Abstract The Electro-Fenton (EF) process is one of the promising advanced oxidation processes (AOPs) for environmental remediation. The H2O2 yield of EF process largely determines its performance on organic pollutants degradation. Conventional Pd-catalytic EF process generates H2O2 via the combination reaction of anodic O2 and cathodic H2. However, the relatively expensive catalyst limits its application. Herein, a hybrid Pd/activated carbon (Pd/AC)-stainless steel mesh (SS) cathode (PACSS) was proposed, which enables more efficient H2O2 generation. It utilizes AC, the support of Pd catalyst, as part of cathode for H2O2 generation via 2-electron anodic O2 reduction, and SS serve as a current distributor. Moreover, H2O2 could be catalytically decomposed upon AC to generate highly reactive ·OH, which avoids the use of Fe2+. Compared with conventional Pd catalyst, H2O2 concentration obtained by PACSS cathode is 248.2% higher, the O2 utilization efficiency was also increased from 3.2% to 10.8%. Within 50 min, 26.3%, 72.5%, and 94.0% H2O2 was decomposed by Pd, AC, and Pd/AC. Fluorescence detection results implied that Pd/AC is effective upon H2O2 activation for ·OH generation.
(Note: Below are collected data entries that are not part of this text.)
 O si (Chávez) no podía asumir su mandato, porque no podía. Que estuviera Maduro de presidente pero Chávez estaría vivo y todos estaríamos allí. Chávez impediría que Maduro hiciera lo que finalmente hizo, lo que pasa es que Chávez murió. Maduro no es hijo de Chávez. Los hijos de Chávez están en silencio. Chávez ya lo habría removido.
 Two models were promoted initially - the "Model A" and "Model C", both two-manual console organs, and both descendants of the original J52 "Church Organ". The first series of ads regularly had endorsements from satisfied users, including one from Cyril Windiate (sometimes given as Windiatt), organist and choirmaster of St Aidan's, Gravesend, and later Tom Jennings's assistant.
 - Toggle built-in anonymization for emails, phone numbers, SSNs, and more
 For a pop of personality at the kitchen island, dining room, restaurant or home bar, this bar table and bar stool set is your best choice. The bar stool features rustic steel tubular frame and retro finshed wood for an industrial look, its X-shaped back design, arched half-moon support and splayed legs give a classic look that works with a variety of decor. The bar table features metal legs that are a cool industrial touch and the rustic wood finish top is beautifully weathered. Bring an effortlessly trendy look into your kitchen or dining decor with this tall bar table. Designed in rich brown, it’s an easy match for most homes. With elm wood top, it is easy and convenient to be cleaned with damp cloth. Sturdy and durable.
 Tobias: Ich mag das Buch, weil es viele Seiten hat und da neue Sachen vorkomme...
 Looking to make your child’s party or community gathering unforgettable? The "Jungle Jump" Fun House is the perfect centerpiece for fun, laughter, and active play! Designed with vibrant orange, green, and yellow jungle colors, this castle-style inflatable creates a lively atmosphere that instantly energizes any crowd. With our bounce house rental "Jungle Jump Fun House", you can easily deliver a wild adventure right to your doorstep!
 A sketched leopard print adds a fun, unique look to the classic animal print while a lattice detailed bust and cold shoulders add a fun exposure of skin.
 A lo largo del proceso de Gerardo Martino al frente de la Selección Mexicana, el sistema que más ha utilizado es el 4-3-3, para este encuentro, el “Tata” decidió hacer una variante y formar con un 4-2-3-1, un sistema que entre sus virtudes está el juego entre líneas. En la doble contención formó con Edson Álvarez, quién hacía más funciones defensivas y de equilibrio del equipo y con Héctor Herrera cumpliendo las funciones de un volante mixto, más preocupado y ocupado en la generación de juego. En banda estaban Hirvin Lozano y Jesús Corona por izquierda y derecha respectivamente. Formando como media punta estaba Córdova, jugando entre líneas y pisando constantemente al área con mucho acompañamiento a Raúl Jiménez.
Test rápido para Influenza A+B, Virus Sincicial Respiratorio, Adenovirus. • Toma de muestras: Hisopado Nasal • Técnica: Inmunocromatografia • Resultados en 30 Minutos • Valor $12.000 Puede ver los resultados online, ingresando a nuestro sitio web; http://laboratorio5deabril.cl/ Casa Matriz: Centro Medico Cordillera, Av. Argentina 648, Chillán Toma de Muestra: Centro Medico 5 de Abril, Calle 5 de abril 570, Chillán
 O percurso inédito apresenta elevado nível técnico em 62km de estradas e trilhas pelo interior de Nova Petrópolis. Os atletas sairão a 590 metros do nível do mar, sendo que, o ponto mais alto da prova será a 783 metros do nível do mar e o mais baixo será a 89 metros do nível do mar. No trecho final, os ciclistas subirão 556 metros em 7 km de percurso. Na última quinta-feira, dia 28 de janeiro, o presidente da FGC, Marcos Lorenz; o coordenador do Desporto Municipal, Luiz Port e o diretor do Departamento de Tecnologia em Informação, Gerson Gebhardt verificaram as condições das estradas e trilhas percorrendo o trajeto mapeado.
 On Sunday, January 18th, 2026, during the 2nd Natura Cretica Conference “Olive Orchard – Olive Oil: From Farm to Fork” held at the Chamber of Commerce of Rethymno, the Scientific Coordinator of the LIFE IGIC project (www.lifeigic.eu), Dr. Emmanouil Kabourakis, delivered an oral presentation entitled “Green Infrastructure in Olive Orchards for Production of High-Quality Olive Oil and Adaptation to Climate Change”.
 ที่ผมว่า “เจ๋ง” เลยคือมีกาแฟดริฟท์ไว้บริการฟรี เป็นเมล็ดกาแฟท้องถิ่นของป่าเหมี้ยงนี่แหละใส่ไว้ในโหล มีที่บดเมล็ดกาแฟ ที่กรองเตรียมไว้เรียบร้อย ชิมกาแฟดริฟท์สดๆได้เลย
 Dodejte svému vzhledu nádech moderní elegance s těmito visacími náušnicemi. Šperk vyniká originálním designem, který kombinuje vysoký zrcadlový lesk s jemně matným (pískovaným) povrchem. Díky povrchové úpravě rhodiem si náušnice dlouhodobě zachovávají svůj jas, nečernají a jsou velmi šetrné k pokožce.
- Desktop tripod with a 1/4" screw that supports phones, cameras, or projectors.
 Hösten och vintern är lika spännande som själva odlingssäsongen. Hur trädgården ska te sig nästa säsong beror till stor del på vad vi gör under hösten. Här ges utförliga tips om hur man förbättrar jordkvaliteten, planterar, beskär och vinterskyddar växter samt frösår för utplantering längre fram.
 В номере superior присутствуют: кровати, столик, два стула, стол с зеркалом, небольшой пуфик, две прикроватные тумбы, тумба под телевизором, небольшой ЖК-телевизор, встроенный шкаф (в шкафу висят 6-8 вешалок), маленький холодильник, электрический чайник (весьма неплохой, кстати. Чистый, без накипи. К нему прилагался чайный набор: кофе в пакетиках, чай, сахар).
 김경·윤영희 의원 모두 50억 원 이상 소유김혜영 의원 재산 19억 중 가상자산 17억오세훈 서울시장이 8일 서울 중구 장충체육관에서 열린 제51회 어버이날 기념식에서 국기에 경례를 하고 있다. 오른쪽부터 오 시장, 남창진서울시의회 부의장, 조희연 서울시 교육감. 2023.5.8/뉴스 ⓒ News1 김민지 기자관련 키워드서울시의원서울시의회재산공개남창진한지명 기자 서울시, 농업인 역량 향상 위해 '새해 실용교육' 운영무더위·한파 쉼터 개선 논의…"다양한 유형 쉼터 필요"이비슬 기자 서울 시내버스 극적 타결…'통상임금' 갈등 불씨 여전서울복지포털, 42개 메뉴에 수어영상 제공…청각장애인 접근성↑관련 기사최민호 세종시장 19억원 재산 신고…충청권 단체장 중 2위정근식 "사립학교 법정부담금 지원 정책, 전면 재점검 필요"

Finally, iron-free EF process enabled by PACSS cathode was examined to be effective for reactive blue 19 (RB19) degradation. After continuous running for 10 cycles (500 min), the PACSS cathode was still stable for H2O2 generation, H2O2 activation, and RB19 degradation, showing its potential application for organic pollutants degradation without increase in the running cost.